INSTRUCTIONS TO FOLLOW: An exact reproduction is needed of every line from the beginning of the data down to and including the line that contains "Soporte Redondo de", minus the pictures.

━━━━━ LISTED ENTRIES ━━━━━

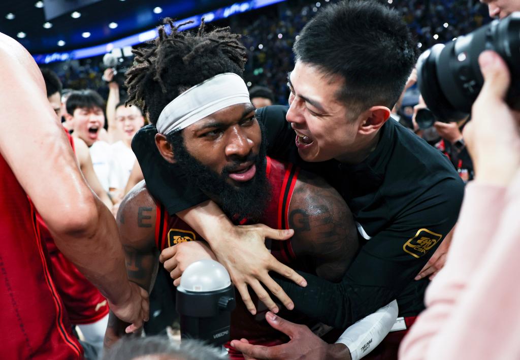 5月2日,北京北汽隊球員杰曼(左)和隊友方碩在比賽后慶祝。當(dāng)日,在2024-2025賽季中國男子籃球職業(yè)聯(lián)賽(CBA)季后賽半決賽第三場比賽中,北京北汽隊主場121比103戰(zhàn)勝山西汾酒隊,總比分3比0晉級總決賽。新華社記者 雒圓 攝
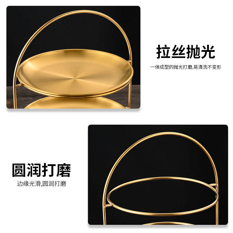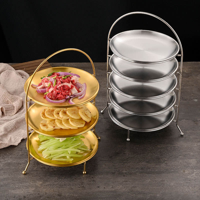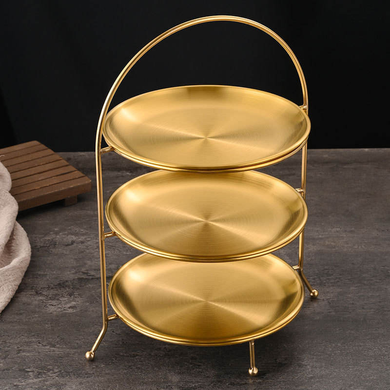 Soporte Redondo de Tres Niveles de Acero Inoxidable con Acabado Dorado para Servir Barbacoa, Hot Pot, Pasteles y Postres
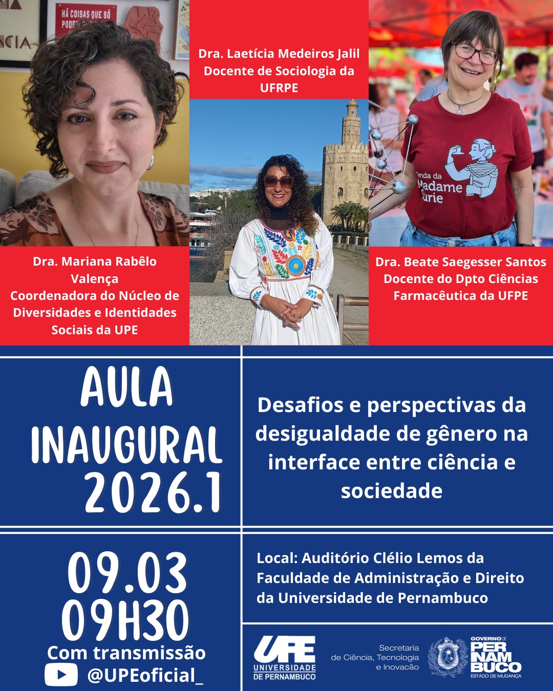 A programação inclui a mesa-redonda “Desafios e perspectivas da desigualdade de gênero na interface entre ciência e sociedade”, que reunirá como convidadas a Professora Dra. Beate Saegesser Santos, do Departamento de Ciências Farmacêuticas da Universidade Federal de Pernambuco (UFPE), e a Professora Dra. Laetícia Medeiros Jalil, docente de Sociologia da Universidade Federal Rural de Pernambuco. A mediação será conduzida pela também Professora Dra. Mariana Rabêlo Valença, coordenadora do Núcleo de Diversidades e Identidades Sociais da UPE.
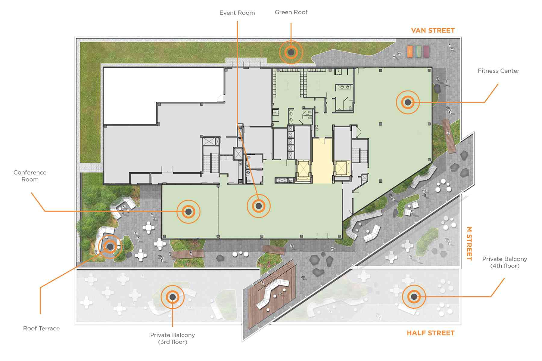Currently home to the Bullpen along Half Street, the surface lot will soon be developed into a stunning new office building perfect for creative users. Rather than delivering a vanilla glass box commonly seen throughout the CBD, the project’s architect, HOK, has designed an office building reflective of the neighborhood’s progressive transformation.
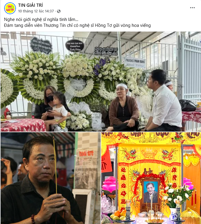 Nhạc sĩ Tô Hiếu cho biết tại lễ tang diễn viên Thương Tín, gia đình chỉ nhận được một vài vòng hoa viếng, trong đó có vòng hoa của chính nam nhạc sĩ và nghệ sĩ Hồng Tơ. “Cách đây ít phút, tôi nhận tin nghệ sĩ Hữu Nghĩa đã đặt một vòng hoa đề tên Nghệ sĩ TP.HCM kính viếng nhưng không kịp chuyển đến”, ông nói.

━━━━━

RESPONSE BELOW:
 5月2日,北京北汽隊球員杰曼(左)和隊友方碩在比賽后慶祝。當(dāng)日,在2024-2025賽季中國男子籃球職業(yè)聯(lián)賽(CBA)季后賽半決賽第三場比賽中,北京北汽隊主場121比103戰(zhàn)勝山西汾酒隊,總比分3比0晉級總決賽。新華社記者 雒圓 攝
 Soporte Redondo de Tres Niveles de Acero Inoxidable con Acabado Dorado para Servir Barbacoa, Hot Pot, Pasteles y Postres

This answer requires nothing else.